Task goal
Nothing but an exact repetition of the listing should be returned.

Information shown
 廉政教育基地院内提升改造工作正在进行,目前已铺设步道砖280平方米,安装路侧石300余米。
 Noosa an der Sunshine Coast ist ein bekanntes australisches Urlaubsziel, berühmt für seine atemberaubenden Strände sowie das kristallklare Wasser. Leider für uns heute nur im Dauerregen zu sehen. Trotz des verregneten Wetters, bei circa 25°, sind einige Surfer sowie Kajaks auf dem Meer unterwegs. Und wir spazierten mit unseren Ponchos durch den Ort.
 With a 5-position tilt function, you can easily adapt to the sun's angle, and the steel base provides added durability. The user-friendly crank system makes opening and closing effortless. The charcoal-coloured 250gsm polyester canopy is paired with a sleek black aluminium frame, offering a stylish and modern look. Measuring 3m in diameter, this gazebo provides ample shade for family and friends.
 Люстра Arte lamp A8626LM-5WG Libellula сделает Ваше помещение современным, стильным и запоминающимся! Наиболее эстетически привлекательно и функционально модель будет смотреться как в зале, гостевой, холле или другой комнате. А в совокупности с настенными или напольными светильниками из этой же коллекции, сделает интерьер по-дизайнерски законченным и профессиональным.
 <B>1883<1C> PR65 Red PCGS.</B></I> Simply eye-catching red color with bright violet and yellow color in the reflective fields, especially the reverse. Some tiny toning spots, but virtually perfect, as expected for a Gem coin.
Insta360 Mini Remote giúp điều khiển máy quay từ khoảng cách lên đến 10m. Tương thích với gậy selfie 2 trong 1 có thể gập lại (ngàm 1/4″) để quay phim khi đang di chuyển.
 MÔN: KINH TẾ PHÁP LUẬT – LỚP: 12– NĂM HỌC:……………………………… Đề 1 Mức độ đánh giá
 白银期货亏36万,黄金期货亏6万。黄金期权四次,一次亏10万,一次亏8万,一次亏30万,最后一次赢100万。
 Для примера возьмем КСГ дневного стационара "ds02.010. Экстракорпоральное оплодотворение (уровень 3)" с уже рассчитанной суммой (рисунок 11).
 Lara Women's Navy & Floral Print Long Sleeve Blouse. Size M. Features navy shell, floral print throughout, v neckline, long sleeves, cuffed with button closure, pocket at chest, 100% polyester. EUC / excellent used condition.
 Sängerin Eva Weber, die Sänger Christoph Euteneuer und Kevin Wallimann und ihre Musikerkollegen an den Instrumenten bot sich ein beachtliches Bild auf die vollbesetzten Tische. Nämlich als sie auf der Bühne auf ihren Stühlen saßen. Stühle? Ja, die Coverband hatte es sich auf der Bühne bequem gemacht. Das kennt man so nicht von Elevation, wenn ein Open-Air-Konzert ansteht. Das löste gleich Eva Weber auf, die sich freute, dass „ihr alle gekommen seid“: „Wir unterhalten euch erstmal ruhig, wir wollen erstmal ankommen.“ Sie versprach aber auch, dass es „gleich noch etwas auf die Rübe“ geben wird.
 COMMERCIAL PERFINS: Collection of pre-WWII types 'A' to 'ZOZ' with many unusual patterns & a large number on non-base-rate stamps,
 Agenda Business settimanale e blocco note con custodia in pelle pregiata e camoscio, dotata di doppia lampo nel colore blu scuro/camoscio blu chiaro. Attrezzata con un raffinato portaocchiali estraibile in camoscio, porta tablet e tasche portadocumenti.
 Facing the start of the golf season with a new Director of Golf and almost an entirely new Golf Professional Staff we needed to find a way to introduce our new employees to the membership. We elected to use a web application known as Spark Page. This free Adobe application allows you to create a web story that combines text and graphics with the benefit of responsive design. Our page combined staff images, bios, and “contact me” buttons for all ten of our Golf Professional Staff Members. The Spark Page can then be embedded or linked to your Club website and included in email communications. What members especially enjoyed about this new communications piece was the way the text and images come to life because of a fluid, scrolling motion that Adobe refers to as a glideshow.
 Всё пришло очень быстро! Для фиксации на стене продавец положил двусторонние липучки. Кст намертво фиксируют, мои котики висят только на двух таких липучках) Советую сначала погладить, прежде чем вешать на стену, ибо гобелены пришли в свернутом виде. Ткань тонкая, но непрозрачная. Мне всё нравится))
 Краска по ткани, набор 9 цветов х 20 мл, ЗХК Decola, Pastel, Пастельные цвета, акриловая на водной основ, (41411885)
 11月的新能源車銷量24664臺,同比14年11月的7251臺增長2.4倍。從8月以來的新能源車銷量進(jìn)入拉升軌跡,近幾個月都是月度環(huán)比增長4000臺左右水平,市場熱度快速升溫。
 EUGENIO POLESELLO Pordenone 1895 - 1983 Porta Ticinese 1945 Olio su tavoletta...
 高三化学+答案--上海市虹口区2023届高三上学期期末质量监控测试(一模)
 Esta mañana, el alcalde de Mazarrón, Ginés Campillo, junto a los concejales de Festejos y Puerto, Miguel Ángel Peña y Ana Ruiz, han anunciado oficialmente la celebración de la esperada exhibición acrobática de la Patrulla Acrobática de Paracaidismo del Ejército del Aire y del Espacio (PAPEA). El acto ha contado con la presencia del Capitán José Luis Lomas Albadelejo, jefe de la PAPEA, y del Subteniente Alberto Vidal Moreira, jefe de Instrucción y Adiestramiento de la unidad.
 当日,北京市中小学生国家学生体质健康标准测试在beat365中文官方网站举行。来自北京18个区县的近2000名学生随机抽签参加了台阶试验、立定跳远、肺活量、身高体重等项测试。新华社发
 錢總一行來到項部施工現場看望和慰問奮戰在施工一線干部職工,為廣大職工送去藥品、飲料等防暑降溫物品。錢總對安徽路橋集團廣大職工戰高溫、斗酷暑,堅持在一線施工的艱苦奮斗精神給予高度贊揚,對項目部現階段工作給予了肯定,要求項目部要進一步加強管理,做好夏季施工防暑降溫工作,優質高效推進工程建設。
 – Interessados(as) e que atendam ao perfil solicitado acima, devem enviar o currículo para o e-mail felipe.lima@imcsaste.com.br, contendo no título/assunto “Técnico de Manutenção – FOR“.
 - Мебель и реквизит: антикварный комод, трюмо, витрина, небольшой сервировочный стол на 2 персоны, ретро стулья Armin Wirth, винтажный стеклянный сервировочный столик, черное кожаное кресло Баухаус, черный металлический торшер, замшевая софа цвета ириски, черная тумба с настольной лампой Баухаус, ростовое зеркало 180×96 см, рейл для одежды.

Response to this task
 廉政教育基地院内提升改造工作正在进行,目前已铺设步道砖280平方米,安装路侧石300余米。
 Noosa an der Sunshine Coast ist ein bekanntes australisches Urlaubsziel, berühmt für seine atemberaubenden Strände sowie das kristallklare Wasser. Leider für uns heute nur im Dauerregen zu sehen. Trotz des verregneten Wetters, bei circa 25°, sind einige Surfer sowie Kajaks auf dem Meer unterwegs. Und wir spazierten mit unseren Ponchos durch den Ort.
 With a 5-position tilt function, you can easily adapt to the sun's angle, and the steel base provides added durability. The user-friendly crank system makes opening and closing effortless. The charcoal-coloured 250gsm polyester canopy is paired with a sleek black aluminium frame, offering a stylish and modern look. Measuring 3m in diameter, this gazebo provides ample shade for family and friends.
 Люстра Arte lamp A8626LM-5WG Libellula сделает Ваше помещение современным, стильным и запоминающимся! Наиболее эстетически привлекательно и функционально модель будет смотреться как в зале, гостевой, холле или другой комнате. А в совокупности с настенными или напольными светильниками из этой же коллекции, сделает интерьер по-дизайнерски законченным и профессиональным.
 <B>1883<1C> PR65 Red PCGS.</B></I> Simply eye-catching red color with bright violet and yellow color in the reflective fields, especially the reverse. Some tiny toning spots, but virtually perfect, as expected for a Gem coin.
Insta360 Mini Remote giúp điều khiển máy quay từ khoảng cách lên đến 10m. Tương thích với gậy selfie 2 trong 1 có thể gập lại (ngàm 1/4″) để quay phim khi đang di chuyển.
 MÔN: KINH TẾ PHÁP LUẬT – LỚP: 12– NĂM HỌC:……………………………… Đề 1 Mức độ đánh giá
 白银期货亏36万,黄金期货亏6万。黄金期权四次,一次亏10万,一次亏8万,一次亏30万,最后一次赢100万。
 Для примера возьмем КСГ дневного стационара "ds02.010. Экстракорпоральное оплодотворение (уровень 3)" с уже рассчитанной суммой (рисунок 11).
 Lara Women's Navy & Floral Print Long Sleeve Blouse. Size M. Features navy shell, floral print throughout, v neckline, long sleeves, cuffed with button closure, pocket at chest, 100% polyester. EUC / excellent used condition.
 Sängerin Eva Weber, die Sänger Christoph Euteneuer und Kevin Wallimann und ihre Musikerkollegen an den Instrumenten bot sich ein beachtliches Bild auf die vollbesetzten Tische. Nämlich als sie auf der Bühne auf ihren Stühlen saßen. Stühle? Ja, die Coverband hatte es sich auf der Bühne bequem gemacht. Das kennt man so nicht von Elevation, wenn ein Open-Air-Konzert ansteht. Das löste gleich Eva Weber auf, die sich freute, dass „ihr alle gekommen seid“: „Wir unterhalten euch erstmal ruhig, wir wollen erstmal ankommen.“ Sie versprach aber auch, dass es „gleich noch etwas auf die Rübe“ geben wird.
 COMMERCIAL PERFINS: Collection of pre-WWII types 'A' to 'ZOZ' with many unusual patterns & a large number on non-base-rate stamps,
 Agenda Business settimanale e blocco note con custodia in pelle pregiata e camoscio, dotata di doppia lampo nel colore blu scuro/camoscio blu chiaro. Attrezzata con un raffinato portaocchiali estraibile in camoscio, porta tablet e tasche portadocumenti.
 Facing the start of the golf season with a new Director of Golf and almost an entirely new Golf Professional Staff we needed to find a way to introduce our new employees to the membership. We elected to use a web application known as Spark Page. This free Adobe application allows you to create a web story that combines text and graphics with the benefit of responsive design. Our page combined staff images, bios, and “contact me” buttons for all ten of our Golf Professional Staff Members. The Spark Page can then be embedded or linked to your Club website and included in email communications. What members especially enjoyed about this new communications piece was the way the text and images come to life because of a fluid, scrolling motion that Adobe refers to as a glideshow.
 Всё пришло очень быстро! Для фиксации на стене продавец положил двусторонние липучки. Кст намертво фиксируют, мои котики висят только на двух таких липучках) Советую сначала погладить, прежде чем вешать на стену, ибо гобелены пришли в свернутом виде. Ткань тонкая, но непрозрачная. Мне всё нравится))
 Краска по ткани, набор 9 цветов х 20 мл, ЗХК Decola, Pastel, Пастельные цвета, акриловая на водной основ, (41411885)
 11月的新能源車銷量24664臺,同比14年11月的7251臺增長2.4倍。從8月以來的新能源車銷量進(jìn)入拉升軌跡,近幾個月都是月度環(huán)比增長4000臺左右水平,市場熱度快速升溫。
 EUGENIO POLESELLO Pordenone 1895 - 1983 Porta Ticinese 1945 Olio su tavoletta...
 高三化学+答案--上海市虹口区2023届高三上学期期末质量监控测试(一模)
 Esta mañana, el alcalde de Mazarrón, Ginés Campillo, junto a los concejales de Festejos y Puerto, Miguel Ángel Peña y Ana Ruiz, han anunciado oficialmente la celebración de la esperada exhibición acrobática de la Patrulla Acrobática de Paracaidismo del Ejército del Aire y del Espacio (PAPEA). El acto ha contado con la presencia del Capitán José Luis Lomas Albadelejo, jefe de la PAPEA, y del Subteniente Alberto Vidal Moreira, jefe de Instrucción y Adiestramiento de la unidad.
 当日,北京市中小学生国家学生体质健康标准测试在beat365中文官方网站举行。来自北京18个区县的近2000名学生随机抽签参加了台阶试验、立定跳远、肺活量、身高体重等项测试。新华社发
 錢總一行來到項部施工現場看望和慰問奮戰在施工一線干部職工,為廣大職工送去藥品、飲料等防暑降溫物品。錢總對安徽路橋集團廣大職工戰高溫、斗酷暑,堅持在一線施工的艱苦奮斗精神給予高度贊揚,對項目部現階段工作給予了肯定,要求項目部要進一步加強管理,做好夏季施工防暑降溫工作,優質高效推進工程建設。
 – Interessados(as) e que atendam ao perfil solicitado acima, devem enviar o currículo para o e-mail felipe.lima@imcsaste.com.br, contendo no título/assunto “Técnico de Manutenção – FOR“.
 - Мебель и реквизит: антикварный комод, трюмо, витрина, небольшой сервировочный стол на 2 персоны, ретро стулья Armin Wirth, винтажный стеклянный сервировочный столик, черное кожаное кресло Баухаус, черный металлический торшер, замшевая софа цвета ириски, черная тумба с настольной лампой Баухаус, ростовое зеркало 180×96 см, рейл для одежды.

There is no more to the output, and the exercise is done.